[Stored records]
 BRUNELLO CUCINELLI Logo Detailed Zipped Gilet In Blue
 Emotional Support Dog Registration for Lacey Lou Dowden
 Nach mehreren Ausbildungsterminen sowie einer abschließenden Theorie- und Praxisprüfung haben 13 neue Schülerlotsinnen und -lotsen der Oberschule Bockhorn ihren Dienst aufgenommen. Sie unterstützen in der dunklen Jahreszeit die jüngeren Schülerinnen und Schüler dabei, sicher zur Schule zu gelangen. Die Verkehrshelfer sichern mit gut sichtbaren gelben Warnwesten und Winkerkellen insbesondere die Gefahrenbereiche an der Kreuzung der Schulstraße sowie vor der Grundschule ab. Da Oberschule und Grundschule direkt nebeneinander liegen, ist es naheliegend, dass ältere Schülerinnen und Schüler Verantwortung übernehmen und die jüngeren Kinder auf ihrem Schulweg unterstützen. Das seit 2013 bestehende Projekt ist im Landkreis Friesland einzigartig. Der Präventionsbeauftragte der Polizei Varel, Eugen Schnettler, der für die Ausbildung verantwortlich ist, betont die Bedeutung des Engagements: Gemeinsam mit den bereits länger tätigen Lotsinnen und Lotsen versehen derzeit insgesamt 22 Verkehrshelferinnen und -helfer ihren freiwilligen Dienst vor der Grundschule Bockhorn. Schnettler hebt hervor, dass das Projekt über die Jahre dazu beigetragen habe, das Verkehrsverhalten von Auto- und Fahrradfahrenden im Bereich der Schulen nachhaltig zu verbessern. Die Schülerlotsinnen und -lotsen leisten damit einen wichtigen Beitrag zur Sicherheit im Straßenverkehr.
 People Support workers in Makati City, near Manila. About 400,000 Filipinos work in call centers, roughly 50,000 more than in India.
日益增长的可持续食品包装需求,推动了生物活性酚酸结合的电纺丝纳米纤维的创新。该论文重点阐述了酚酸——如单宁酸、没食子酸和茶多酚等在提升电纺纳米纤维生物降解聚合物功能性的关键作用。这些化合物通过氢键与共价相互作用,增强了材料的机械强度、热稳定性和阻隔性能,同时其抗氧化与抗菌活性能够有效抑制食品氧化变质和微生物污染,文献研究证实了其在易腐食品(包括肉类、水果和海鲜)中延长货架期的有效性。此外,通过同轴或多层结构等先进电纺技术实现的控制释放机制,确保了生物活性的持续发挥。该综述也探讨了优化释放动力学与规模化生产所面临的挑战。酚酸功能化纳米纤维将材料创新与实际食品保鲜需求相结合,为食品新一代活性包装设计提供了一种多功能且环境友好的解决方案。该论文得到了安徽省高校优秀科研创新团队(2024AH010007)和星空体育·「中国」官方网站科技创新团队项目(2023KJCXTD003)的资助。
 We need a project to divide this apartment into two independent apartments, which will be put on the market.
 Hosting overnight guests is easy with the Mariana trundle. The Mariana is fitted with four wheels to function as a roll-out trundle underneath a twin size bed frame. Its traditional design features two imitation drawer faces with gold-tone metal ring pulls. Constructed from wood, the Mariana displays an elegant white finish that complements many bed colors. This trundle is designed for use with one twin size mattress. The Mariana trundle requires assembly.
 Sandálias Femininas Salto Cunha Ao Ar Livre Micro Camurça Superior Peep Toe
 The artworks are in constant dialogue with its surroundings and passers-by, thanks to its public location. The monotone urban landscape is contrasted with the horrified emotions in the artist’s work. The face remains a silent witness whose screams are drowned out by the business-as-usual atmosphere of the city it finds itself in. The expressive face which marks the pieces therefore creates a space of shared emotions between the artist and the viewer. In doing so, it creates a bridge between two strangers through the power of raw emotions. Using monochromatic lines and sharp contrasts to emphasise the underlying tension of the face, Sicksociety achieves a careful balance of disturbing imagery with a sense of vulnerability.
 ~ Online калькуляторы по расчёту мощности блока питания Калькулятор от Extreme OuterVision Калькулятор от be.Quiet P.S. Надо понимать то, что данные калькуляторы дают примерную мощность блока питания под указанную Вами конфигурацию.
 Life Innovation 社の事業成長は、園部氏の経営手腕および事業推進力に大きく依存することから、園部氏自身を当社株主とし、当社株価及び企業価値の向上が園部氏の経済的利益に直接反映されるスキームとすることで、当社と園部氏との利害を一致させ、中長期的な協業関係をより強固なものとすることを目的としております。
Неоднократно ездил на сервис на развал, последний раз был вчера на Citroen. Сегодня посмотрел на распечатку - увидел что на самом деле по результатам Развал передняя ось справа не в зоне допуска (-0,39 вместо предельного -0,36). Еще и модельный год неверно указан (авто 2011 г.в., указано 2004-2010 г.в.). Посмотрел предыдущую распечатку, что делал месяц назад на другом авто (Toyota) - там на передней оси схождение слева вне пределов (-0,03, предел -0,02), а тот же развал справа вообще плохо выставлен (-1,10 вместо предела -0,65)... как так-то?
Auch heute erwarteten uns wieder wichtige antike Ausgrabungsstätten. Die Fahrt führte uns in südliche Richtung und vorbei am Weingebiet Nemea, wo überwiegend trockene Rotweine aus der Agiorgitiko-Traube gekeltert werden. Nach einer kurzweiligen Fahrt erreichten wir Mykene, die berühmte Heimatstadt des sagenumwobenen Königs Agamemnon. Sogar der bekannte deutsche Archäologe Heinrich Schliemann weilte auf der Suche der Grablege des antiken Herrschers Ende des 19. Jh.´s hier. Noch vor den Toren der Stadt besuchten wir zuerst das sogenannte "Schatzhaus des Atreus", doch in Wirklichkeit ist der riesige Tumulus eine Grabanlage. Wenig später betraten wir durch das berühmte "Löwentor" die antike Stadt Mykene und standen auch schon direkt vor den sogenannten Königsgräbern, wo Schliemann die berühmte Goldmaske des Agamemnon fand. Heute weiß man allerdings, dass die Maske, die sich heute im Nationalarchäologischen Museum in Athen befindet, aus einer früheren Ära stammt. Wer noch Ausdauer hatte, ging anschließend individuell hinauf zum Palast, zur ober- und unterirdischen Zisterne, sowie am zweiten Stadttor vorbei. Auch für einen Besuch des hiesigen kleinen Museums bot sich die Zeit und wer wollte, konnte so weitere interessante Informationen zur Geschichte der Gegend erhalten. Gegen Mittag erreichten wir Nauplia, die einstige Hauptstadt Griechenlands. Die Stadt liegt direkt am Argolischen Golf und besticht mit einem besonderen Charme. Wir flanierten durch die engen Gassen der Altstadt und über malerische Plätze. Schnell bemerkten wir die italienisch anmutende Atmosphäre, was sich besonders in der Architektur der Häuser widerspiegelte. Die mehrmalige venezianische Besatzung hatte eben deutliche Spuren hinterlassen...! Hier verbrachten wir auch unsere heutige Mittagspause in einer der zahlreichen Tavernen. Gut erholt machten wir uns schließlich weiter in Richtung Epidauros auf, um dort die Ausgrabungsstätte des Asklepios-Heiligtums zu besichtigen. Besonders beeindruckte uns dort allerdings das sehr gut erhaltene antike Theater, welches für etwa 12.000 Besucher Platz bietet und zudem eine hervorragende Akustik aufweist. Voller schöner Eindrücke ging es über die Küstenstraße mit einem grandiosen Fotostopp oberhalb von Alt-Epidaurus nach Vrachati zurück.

> **TASK STATEMENT**
Reproduce the data. Match each line exactly.

> **YOUR SOLUTION**
 BRUNELLO CUCINELLI Logo Detailed Zipped Gilet In Blue
 Emotional Support Dog Registration for Lacey Lou Dowden
 Nach mehreren Ausbildungsterminen sowie einer abschließenden Theorie- und Praxisprüfung haben 13 neue Schülerlotsinnen und -lotsen der Oberschule Bockhorn ihren Dienst aufgenommen. Sie unterstützen in der dunklen Jahreszeit die jüngeren Schülerinnen und Schüler dabei, sicher zur Schule zu gelangen. Die Verkehrshelfer sichern mit gut sichtbaren gelben Warnwesten und Winkerkellen insbesondere die Gefahrenbereiche an der Kreuzung der Schulstraße sowie vor der Grundschule ab. Da Oberschule und Grundschule direkt nebeneinander liegen, ist es naheliegend, dass ältere Schülerinnen und Schüler Verantwortung übernehmen und die jüngeren Kinder auf ihrem Schulweg unterstützen. Das seit 2013 bestehende Projekt ist im Landkreis Friesland einzigartig. Der Präventionsbeauftragte der Polizei Varel, Eugen Schnettler, der für die Ausbildung verantwortlich ist, betont die Bedeutung des Engagements: Gemeinsam mit den bereits länger tätigen Lotsinnen und Lotsen versehen derzeit insgesamt 22 Verkehrshelferinnen und -helfer ihren freiwilligen Dienst vor der Grundschule Bockhorn. Schnettler hebt hervor, dass das Projekt über die Jahre dazu beigetragen habe, das Verkehrsverhalten von Auto- und Fahrradfahrenden im Bereich der Schulen nachhaltig zu verbessern. Die Schülerlotsinnen und -lotsen leisten damit einen wichtigen Beitrag zur Sicherheit im Straßenverkehr.
 People Support workers in Makati City, near Manila. About 400,000 Filipinos work in call centers, roughly 50,000 more than in India.
日益增长的可持续食品包装需求,推动了生物活性酚酸结合的电纺丝纳米纤维的创新。该论文重点阐述了酚酸——如单宁酸、没食子酸和茶多酚等在提升电纺纳米纤维生物降解聚合物功能性的关键作用。这些化合物通过氢键与共价相互作用,增强了材料的机械强度、热稳定性和阻隔性能,同时其抗氧化与抗菌活性能够有效抑制食品氧化变质和微生物污染,文献研究证实了其在易腐食品(包括肉类、水果和海鲜)中延长货架期的有效性。此外,通过同轴或多层结构等先进电纺技术实现的控制释放机制,确保了生物活性的持续发挥。该综述也探讨了优化释放动力学与规模化生产所面临的挑战。酚酸功能化纳米纤维将材料创新与实际食品保鲜需求相结合,为食品新一代活性包装设计提供了一种多功能且环境友好的解决方案。该论文得到了安徽省高校优秀科研创新团队(2024AH010007)和星空体育·「中国」官方网站科技创新团队项目(2023KJCXTD003)的资助。
 We need a project to divide this apartment into two independent apartments, which will be put on the market.
 Hosting overnight guests is easy with the Mariana trundle. The Mariana is fitted with four wheels to function as a roll-out trundle underneath a twin size bed frame. Its traditional design features two imitation drawer faces with gold-tone metal ring pulls. Constructed from wood, the Mariana displays an elegant white finish that complements many bed colors. This trundle is designed for use with one twin size mattress. The Mariana trundle requires assembly.
 Sandálias Femininas Salto Cunha Ao Ar Livre Micro Camurça Superior Peep Toe
 The artworks are in constant dialogue with its surroundings and passers-by, thanks to its public location. The monotone urban landscape is contrasted with the horrified emotions in the artist’s work. The face remains a silent witness whose screams are drowned out by the business-as-usual atmosphere of the city it finds itself in. The expressive face which marks the pieces therefore creates a space of shared emotions between the artist and the viewer. In doing so, it creates a bridge between two strangers through the power of raw emotions. Using monochromatic lines and sharp contrasts to emphasise the underlying tension of the face, Sicksociety achieves a careful balance of disturbing imagery with a sense of vulnerability.
 ~ Online калькуляторы по расчёту мощности блока питания Калькулятор от Extreme OuterVision Калькулятор от be.Quiet P.S. Надо понимать то, что данные калькуляторы дают примерную мощность блока питания под указанную Вами конфигурацию.
 Life Innovation 社の事業成長は、園部氏の経営手腕および事業推進力に大きく依存することから、園部氏自身を当社株主とし、当社株価及び企業価値の向上が園部氏の経済的利益に直接反映されるスキームとすることで、当社と園部氏との利害を一致させ、中長期的な協業関係をより強固なものとすることを目的としております。
Неоднократно ездил на сервис на развал, последний раз был вчера на Citroen. Сегодня посмотрел на распечатку - увидел что на самом деле по результатам Развал передняя ось справа не в зоне допуска (-0,39 вместо предельного -0,36). Еще и модельный год неверно указан (авто 2011 г.в., указано 2004-2010 г.в.). Посмотрел предыдущую распечатку, что делал месяц назад на другом авто (Toyota) - там на передней оси схождение слева вне пределов (-0,03, предел -0,02), а тот же развал справа вообще плохо выставлен (-1,10 вместо предела -0,65)... как так-то?
Auch heute erwarteten uns wieder wichtige antike Ausgrabungsstätten. Die Fahrt führte uns in südliche Richtung und vorbei am Weingebiet Nemea, wo überwiegend trockene Rotweine aus der Agiorgitiko-Traube gekeltert werden. Nach einer kurzweiligen Fahrt erreichten wir Mykene, die berühmte Heimatstadt des sagenumwobenen Königs Agamemnon. Sogar der bekannte deutsche Archäologe Heinrich Schliemann weilte auf der Suche der Grablege des antiken Herrschers Ende des 19. Jh.´s hier. Noch vor den Toren der Stadt besuchten wir zuerst das sogenannte "Schatzhaus des Atreus", doch in Wirklichkeit ist der riesige Tumulus eine Grabanlage. Wenig später betraten wir durch das berühmte "Löwentor" die antike Stadt Mykene und standen auch schon direkt vor den sogenannten Königsgräbern, wo Schliemann die berühmte Goldmaske des Agamemnon fand. Heute weiß man allerdings, dass die Maske, die sich heute im Nationalarchäologischen Museum in Athen befindet, aus einer früheren Ära stammt. Wer noch Ausdauer hatte, ging anschließend individuell hinauf zum Palast, zur ober- und unterirdischen Zisterne, sowie am zweiten Stadttor vorbei. Auch für einen Besuch des hiesigen kleinen Museums bot sich die Zeit und wer wollte, konnte so weitere interessante Informationen zur Geschichte der Gegend erhalten. Gegen Mittag erreichten wir Nauplia, die einstige Hauptstadt Griechenlands. Die Stadt liegt direkt am Argolischen Golf und besticht mit einem besonderen Charme. Wir flanierten durch die engen Gassen der Altstadt und über malerische Plätze. Schnell bemerkten wir die italienisch anmutende Atmosphäre, was sich besonders in der Architektur der Häuser widerspiegelte. Die mehrmalige venezianische Besatzung hatte eben deutliche Spuren hinterlassen...! Hier verbrachten wir auch unsere heutige Mittagspause in einer der zahlreichen Tavernen. Gut erholt machten wir uns schließlich weiter in Richtung Epidauros auf, um dort die Ausgrabungsstätte des Asklepios-Heiligtums zu besichtigen. Besonders beeindruckte uns dort allerdings das sehr gut erhaltene antike Theater, welches für etwa 12.000 Besucher Platz bietet und zudem eine hervorragende Akustik aufweist. Voller schöner Eindrücke ging es über die Küstenstraße mit einem grandiosen Fotostopp oberhalb von Alt-Epidaurus nach Vrachati zurück.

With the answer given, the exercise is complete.